[Start of Attachment]

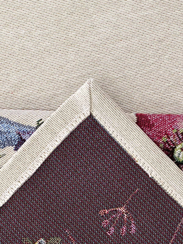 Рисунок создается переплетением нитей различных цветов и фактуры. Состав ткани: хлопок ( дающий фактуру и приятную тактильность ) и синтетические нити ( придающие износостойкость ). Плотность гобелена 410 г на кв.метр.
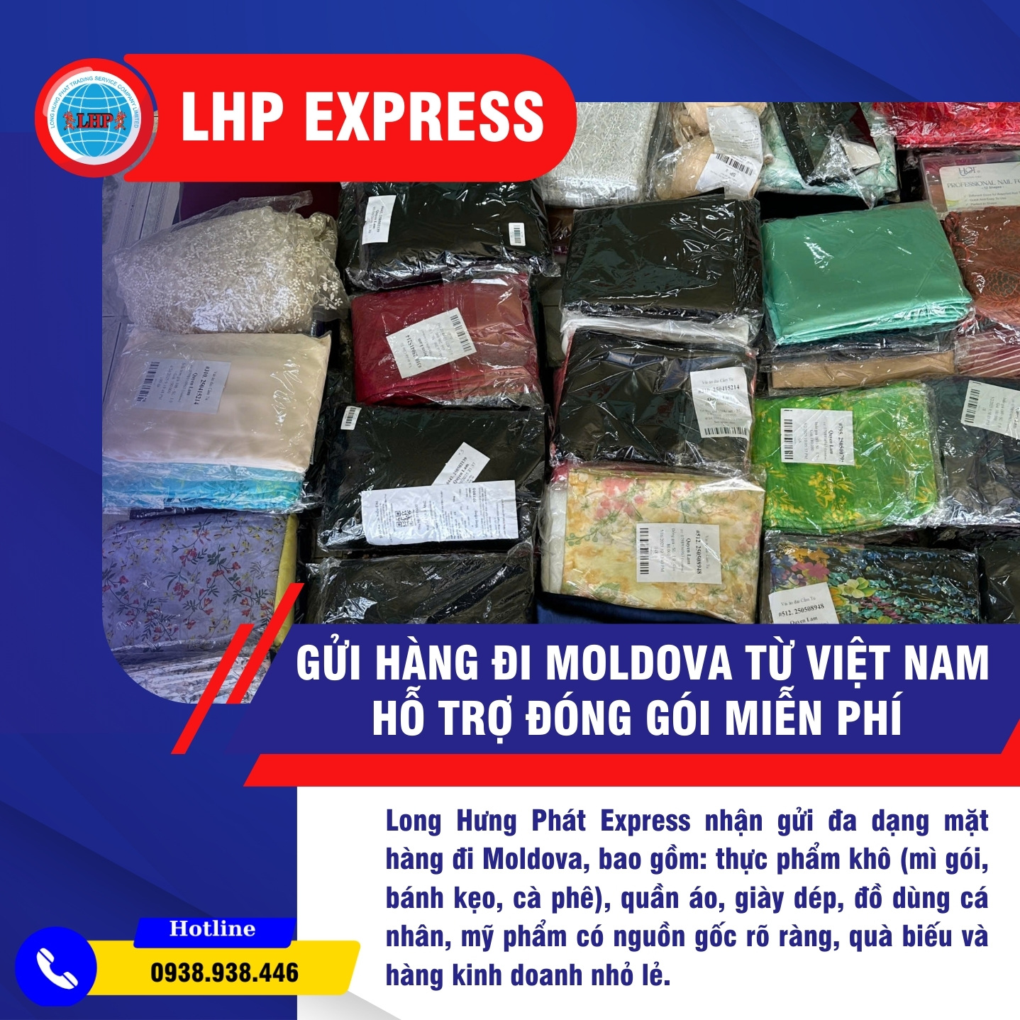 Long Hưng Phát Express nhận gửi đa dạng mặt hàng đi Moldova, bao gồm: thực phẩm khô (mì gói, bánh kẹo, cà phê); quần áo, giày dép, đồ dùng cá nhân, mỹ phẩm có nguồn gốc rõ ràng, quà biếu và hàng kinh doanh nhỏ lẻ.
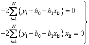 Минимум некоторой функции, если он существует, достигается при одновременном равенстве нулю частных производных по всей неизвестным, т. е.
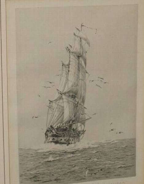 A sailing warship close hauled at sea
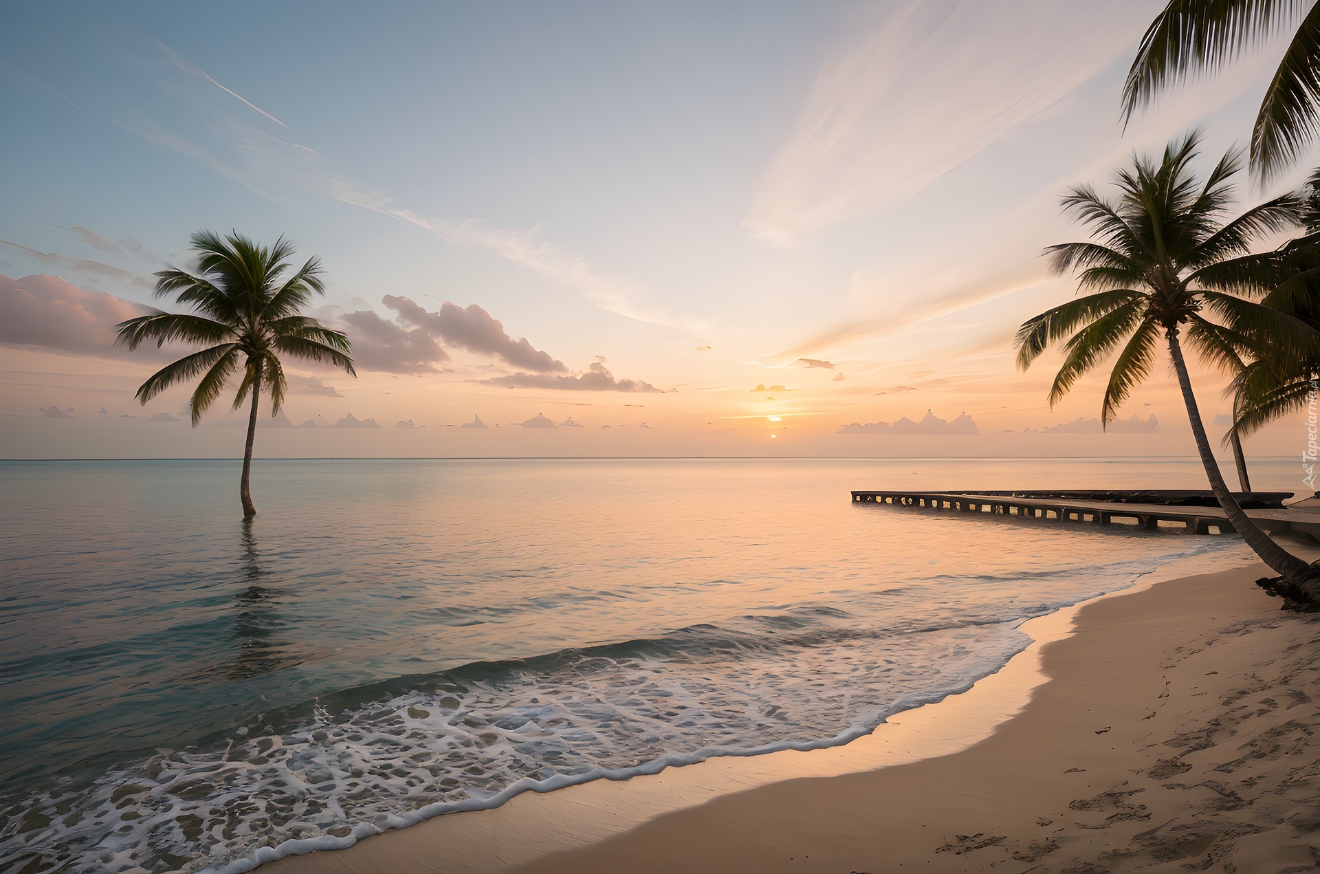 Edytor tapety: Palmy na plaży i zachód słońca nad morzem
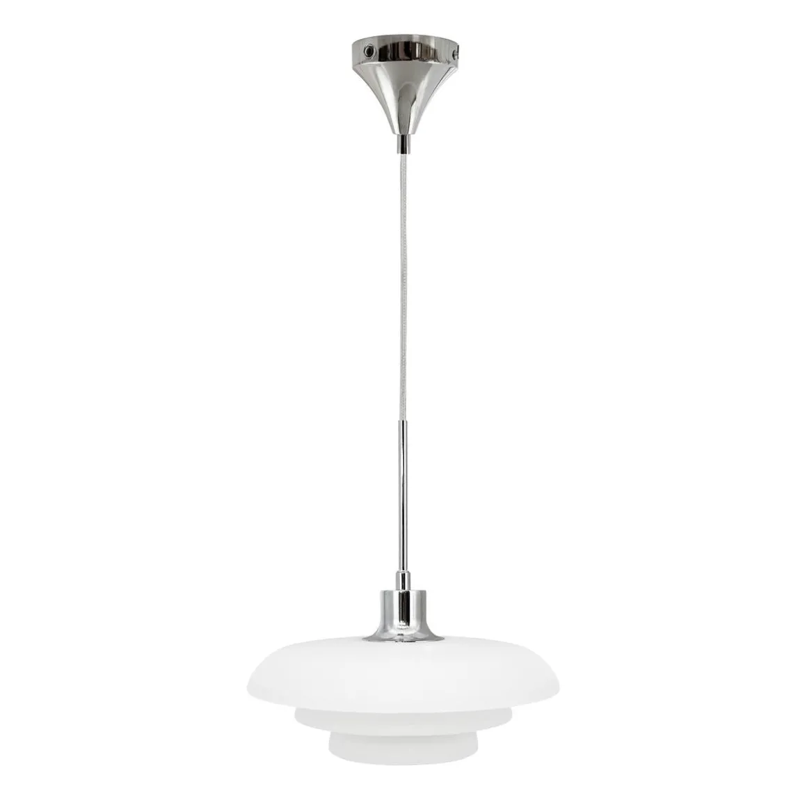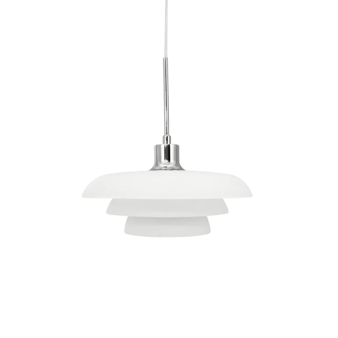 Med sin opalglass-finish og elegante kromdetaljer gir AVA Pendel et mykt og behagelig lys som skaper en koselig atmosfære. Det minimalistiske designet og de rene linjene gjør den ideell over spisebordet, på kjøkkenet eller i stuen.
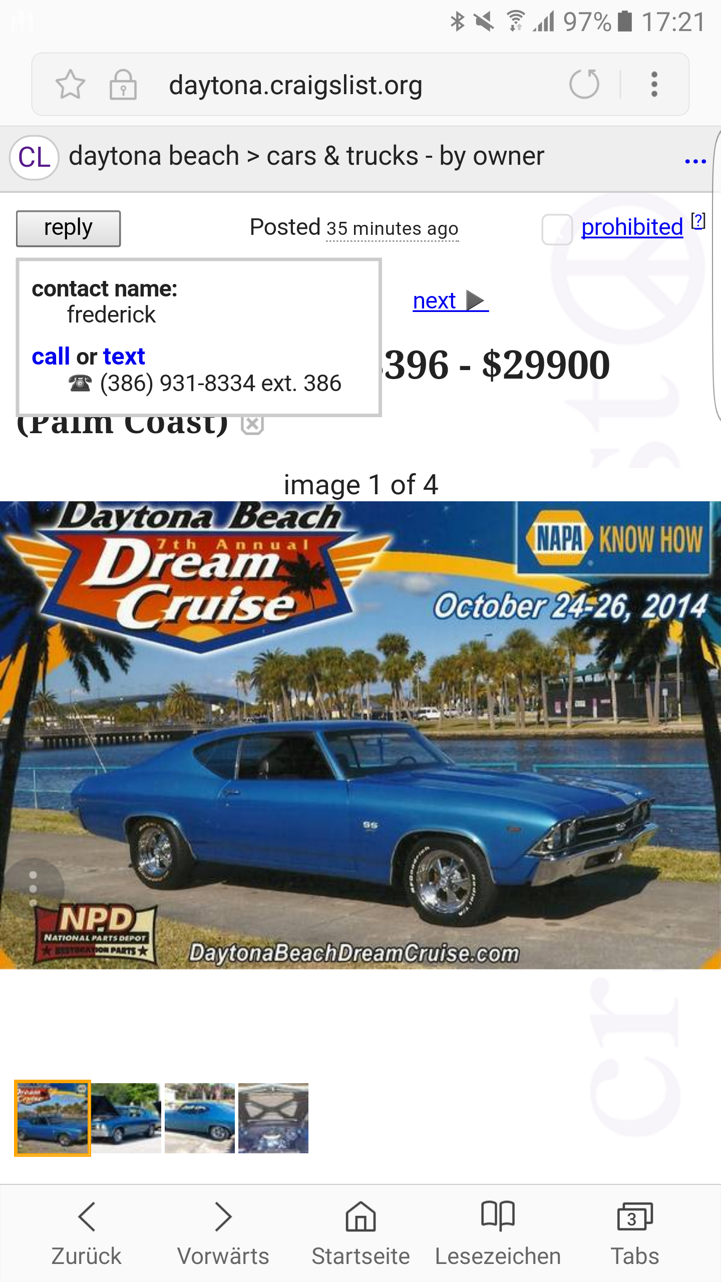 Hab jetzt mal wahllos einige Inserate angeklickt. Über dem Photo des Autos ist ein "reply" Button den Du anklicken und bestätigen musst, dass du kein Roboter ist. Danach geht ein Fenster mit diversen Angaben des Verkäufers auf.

[End of Attachment]

**Directions for this task:** Every entry above is to be printed again exactly, pictures omitted.

**Response to this task:**
 Рисунок создается переплетением нитей различных цветов и фактуры. Состав ткани: хлопок ( дающий фактуру и приятную тактильность ) и синтетические нити ( придающие износостойкость ). Плотность гобелена 410 г на кв.метр.
 Long Hưng Phát Express nhận gửi đa dạng mặt hàng đi Moldova, bao gồm: thực phẩm khô (mì gói, bánh kẹo, cà phê); quần áo, giày dép, đồ dùng cá nhân, mỹ phẩm có nguồn gốc rõ ràng, quà biếu và hàng kinh doanh nhỏ lẻ.
 Минимум некоторой функции, если он существует, достигается при одновременном равенстве нулю частных производных по всей неизвестным, т. е.
 A sailing warship close hauled at sea
 Edytor tapety: Palmy na plaży i zachód słońca nad morzem
 Med sin opalglass-finish og elegante kromdetaljer gir AVA Pendel et mykt og behagelig lys som skaper en koselig atmosfære. Det minimalistiske designet og de rene linjene gjør den ideell over spisebordet, på kjøkkenet eller i stuen.
 Hab jetzt mal wahllos einige Inserate angeklickt. Über dem Photo des Autos ist ein "reply" Button den Du anklicken und bestätigen musst, dass du kein Roboter ist. Danach geht ein Fenster mit diversen Angaben des Verkäufers auf.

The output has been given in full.